Your task is to return the listing below word for word, without any of its images.
>>
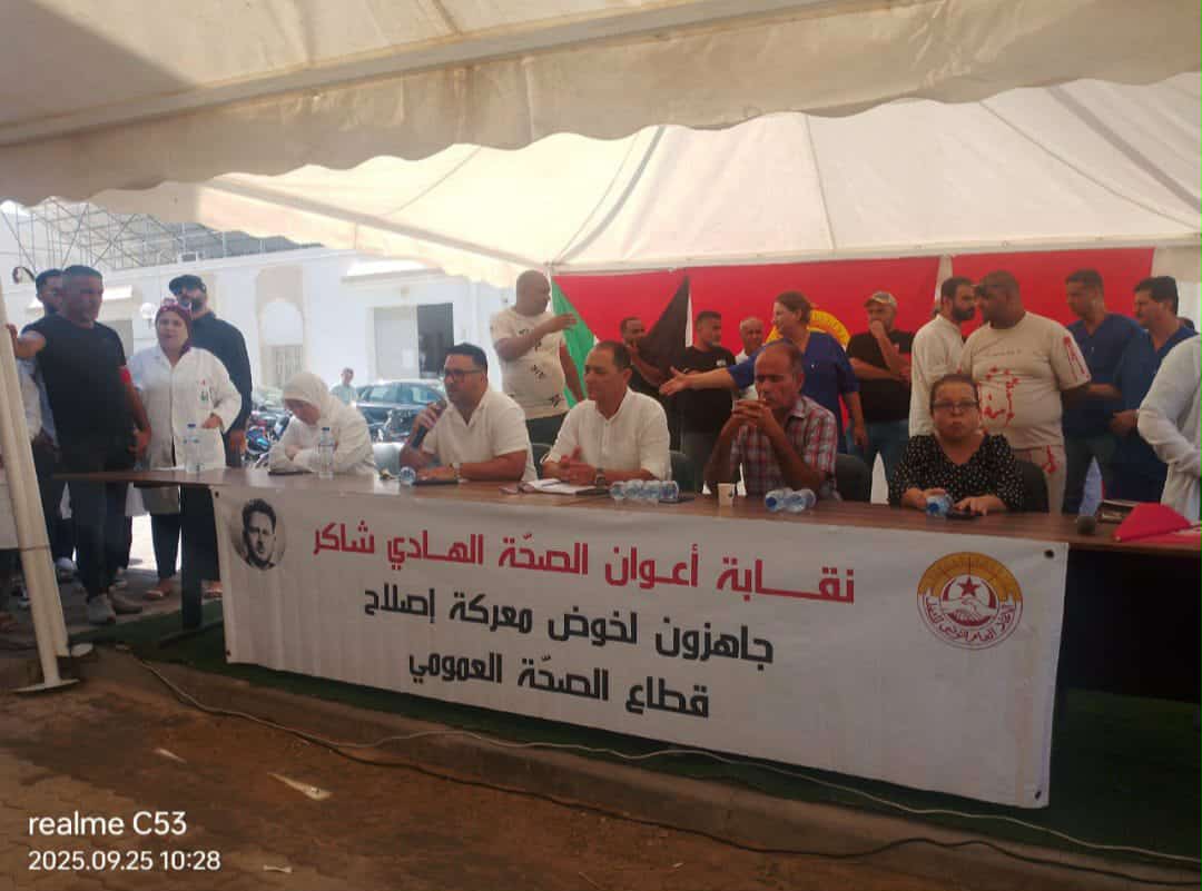 الشعب نيوز / صبري الزغيدي - بإشراف من الاتحاد الجهوي للشغل بصفاقس ، عقدت النقابة الأساسية لأعوان المستشفى الهادي شاكر يوم الخميس 25 سبتمبر 2025 اجتماعا عاما شارك فيه عدد محترم من الممرضات والممرضين، وذلك بحضور الفرع الجامعي للصحة ونقابات مستشفى الحبيب بورقيبة وقرقنة والمحرس والمصحات الخاصة بالجهة فضلا عن نقابات من التعليم الأساسي والبناء والنفط والبنوك.
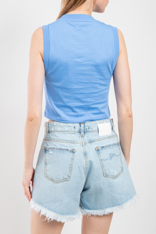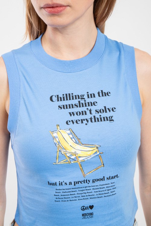 Детали: Женский голубой топ из хлопка от Moschino (Москино). Укороченная длина, круглый вырез горловины, без рукавов, дизайн с принтом спереди
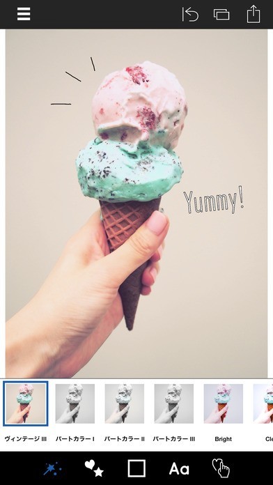 スタンプを自分で作成することができる、画像加工アプリ、淡い配色や、手描き風スタンプで、優しい雰囲気の写真にアレンジ
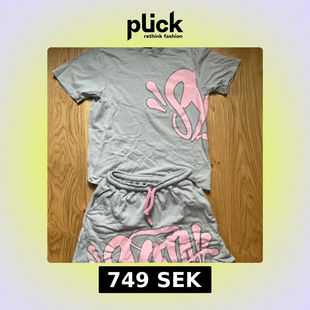 Syna world tracksuit, tröja + shorts. Snygga grå shorts med stort rosa grafiskt tryck framtill och matchande rosa snörning i midjan. Mjukt material och avslappnad passform, perfekta för sommardagar eller chill hemma. Elastisk midja för extra komfort och cool streetkänsla.
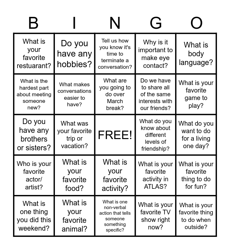 This bingo card has a free space and 24 words: What is your favorite food?, What is your favorite animal?, What are you going to do over March break?, What is one thing you did this weekend?, What is body language?, What is your favorite restuarant?, What is the hardest part about meeting someone new?, Do you have any hobbies?, What do you know about different levels of friendship?, What is your favorite activity?, Do we have to share all of the same interests with our friends?, Do you have any brothers or sisters?, What is your favorite activity in ATLAS?, What is your favorite thing to do for fun?, What makes conversations easier to have?, What is your favorite TV show right now?, What do you want to do for a living one day?, Tell us how you know it's time to terminate a conversation?, What is your favorite game to play?, What was your favorite trip or vacation?, What is your favorite thing to do when outside?, Who is your favorite actor/ artist?, Why is it important to make eye contact? and What is one non-verbal action that tells someone something specific?.
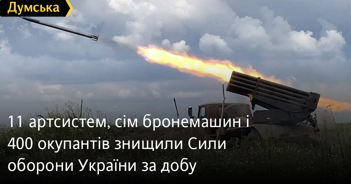 Також, за даними Генерального штабу Збройних сил України, вчора було знищено 11 артилерійських систем ворога (3425).
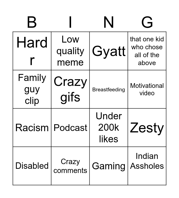 This bingo card has 16 words: Crazy comments, Zesty, Gyatt, Hard r, Racism, Low quality meme, Under 200k likes, Gaming, Family guy clip, Crazy gifs, Disabled, that one kid who chose all of the above, Podcast, Motivational video, Breastfeeding and Indian Assholes.
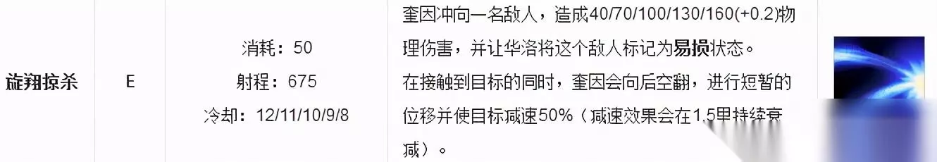 奎因的E技能带有小段位移,像是向前腾空踢一下再回到原地,对目标造成伤害并添加易损状态以及减速状态。派大告诉大家:E技能可以打断某些英雄的技能,这个记好了,利用E技能来追击敌人,控制敌人简直在舒服不过了。 在对线时,可以E技能起手然后衔接平A,再接Q技能衔接平A可以轻松的打出大量伤害,这个伤害可不可忽视,据我的经验,还没见过哪个英雄,在对线期可以抗的起奎因的两套完整技能组合消耗。
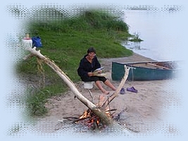 surveiller le canoë et son chargement. En route vers la suite du voyage.
<<
» WRITTEN ANSWER
 الشعب نيوز / صبري الزغيدي - بإشراف من الاتحاد الجهوي للشغل بصفاقس ، عقدت النقابة الأساسية لأعوان المستشفى الهادي شاكر يوم الخميس 25 سبتمبر 2025 اجتماعا عاما شارك فيه عدد محترم من الممرضات والممرضين، وذلك بحضور الفرع الجامعي للصحة ونقابات مستشفى الحبيب بورقيبة وقرقنة والمحرس والمصحات الخاصة بالجهة فضلا عن نقابات من التعليم الأساسي والبناء والنفط والبنوك.
 Детали: Женский голубой топ из хлопка от Moschino (Москино). Укороченная длина, круглый вырез горловины, без рукавов, дизайн с принтом спереди
 スタンプを自分で作成することができる、画像加工アプリ、淡い配色や、手描き風スタンプで、優しい雰囲気の写真にアレンジ
 Syna world tracksuit, tröja + shorts. Snygga grå shorts med stort rosa grafiskt tryck framtill och matchande rosa snörning i midjan. Mjukt material och avslappnad passform, perfekta för sommardagar eller chill hemma. Elastisk midja för extra komfort och cool streetkänsla.
 This bingo card has a free space and 24 words: What is your favorite food?, What is your favorite animal?, What are you going to do over March break?, What is one thing you did this weekend?, What is body language?, What is your favorite restuarant?, What is the hardest part about meeting someone new?, Do you have any hobbies?, What do you know about different levels of friendship?, What is your favorite activity?, Do we have to share all of the same interests with our friends?, Do you have any brothers or sisters?, What is your favorite activity in ATLAS?, What is your favorite thing to do for fun?, What makes conversations easier to have?, What is your favorite TV show right now?, What do you want to do for a living one day?, Tell us how you know it's time to terminate a conversation?, What is your favorite game to play?, What was your favorite trip or vacation?, What is your favorite thing to do when outside?, Who is your favorite actor/ artist?, Why is it important to make eye contact? and What is one non-verbal action that tells someone something specific?.
 Також, за даними Генерального штабу Збройних сил України, вчора було знищено 11 артилерійських систем ворога (3425).
 This bingo card has 16 words: Crazy comments, Zesty, Gyatt, Hard r, Racism, Low quality meme, Under 200k likes, Gaming, Family guy clip, Crazy gifs, Disabled, that one kid who chose all of the above, Podcast, Motivational video, Breastfeeding and Indian Assholes.
 奎因的E技能带有小段位移,像是向前腾空踢一下再回到原地,对目标造成伤害并添加易损状态以及减速状态。派大告诉大家:E技能可以打断某些英雄的技能,这个记好了,利用E技能来追击敌人,控制敌人简直在舒服不过了。 在对线时,可以E技能起手然后衔接平A,再接Q技能衔接平A可以轻松的打出大量伤害,这个伤害可不可忽视,据我的经验,还没见过哪个英雄,在对线期可以抗的起奎因的两套完整技能组合消耗。
 surveiller le canoë et son chargement. En route vers la suite du voyage.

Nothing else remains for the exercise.